Pricing matters because finasteride is a generic drug. The molecule is not proprietary. It went off-patent years ago. Here is how the numbers look:
| Option | Approx. monthly cost | Notes |
|---|---|---|
| Hims finasteride 1 mg (as of 2025) | $20-$30/month | Includes telehealth consult |
| GoodRx generic finasteride 1 mg | $10-$20/month | With coupon at major pharmacies |
| Hims topical combo (fin + min) | $40-$60/month | Two actives in one product |
| Brand-name Propecia 1 mg | $80-$100+/month | Same molecule, much higher cost |
| Dutasteride 0.5 mg (Rx, off-label for hair) | $15-$30/month generic | Stronger DHT suppression, fewer hair-specific trials |
Hims charges a premium over the raw pharmacy price, and what you are paying for is mostly convenience: an asynchronous telehealth consult, ongoing provider access, and prescription management without an in-person dermatologist visit. Whether that is worth it depends on your insurance situation and how much your time costs you.
If you have a dermatologist or a PCP who will write the script, a GoodRx coupon at Costco Pharmacy can get oral generic finasteride down to roughly $10-$15 per month for a 90-day supply. That is hard to beat on price. Hims makes sense if you have no prescriber relationship and want the path of least friction.
One thing to watch: Hims sometimes bundles finasteride into subscription plans that look cheaper per month but lock you in for 3 to 6 months. Read the cancellation policy before subscribing.
Does Hims require a prescription for its DHT blocker?
Yes. Finasteride is a prescription-required medication in the United States. You cannot buy it over the counter. Hims handles this through a telehealth consultation: you fill out a health history form, sometimes upload photos, and a licensed provider in your state reviews the information and either approves or denies a prescription. [7]
The consult is asynchronous for most users, meaning there is no live video call. A provider reviews your intake and responds within hours. Some states require a synchronous visit (live video or phone), so the experience can vary.
This model is legal and regulated by state medical boards and the FDA's prescribing framework. The prescriptions are real, filled at licensed pharmacies (often including compounding pharmacies for the topical combo products). The compounding piece is worth knowing: the topical finasteride-plus-minoxidil spray that Hims sells is made at a compounding pharmacy, not manufactured as an FDA-approved finished drug product. Compounding pharmacies are regulated by state boards and overseen by the FDA under 503A/503B frameworks, but the specific combination product has not gone through FDA's New Drug Application process. [8] That is not unusual in dermatology, but it is something informed consumers should know.

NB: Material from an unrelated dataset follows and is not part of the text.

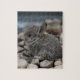 Fotografie eines kleinen Babyhäschens, das auf einigen Felsen am Rand des Wassers sitzt.
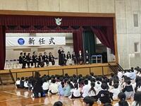 新任式では新しくさつき小へ赴任した先生をお迎えしました

How long does it take for Hims's finasteride to show results?
Expect to wait. Finasteride works on the hair growth cycle, which runs in phases of roughly 2 to 6 years for a single follicle. Meaningful results take time.
The general clinical timeline:
- Months 1 to 3: No visible change. DHT is being suppressed, but follicles have not yet cycled through enough to show it. Some men notice a shedding phase as miniaturized hairs fall out to be replaced, which is alarming but normal.
- Months 3 to 6: Stabilization. The rate of loss slows. This is the most underappreciated result because you cannot see it easily.
- Months 6 to 12: Some men see early regrowth, particularly at the crown.
- Months 12 to 24: The peak response period. Most of the regrowth you will get is visible by month 24. The Merck registration trials used 24 months as their primary endpoint for this reason. [5]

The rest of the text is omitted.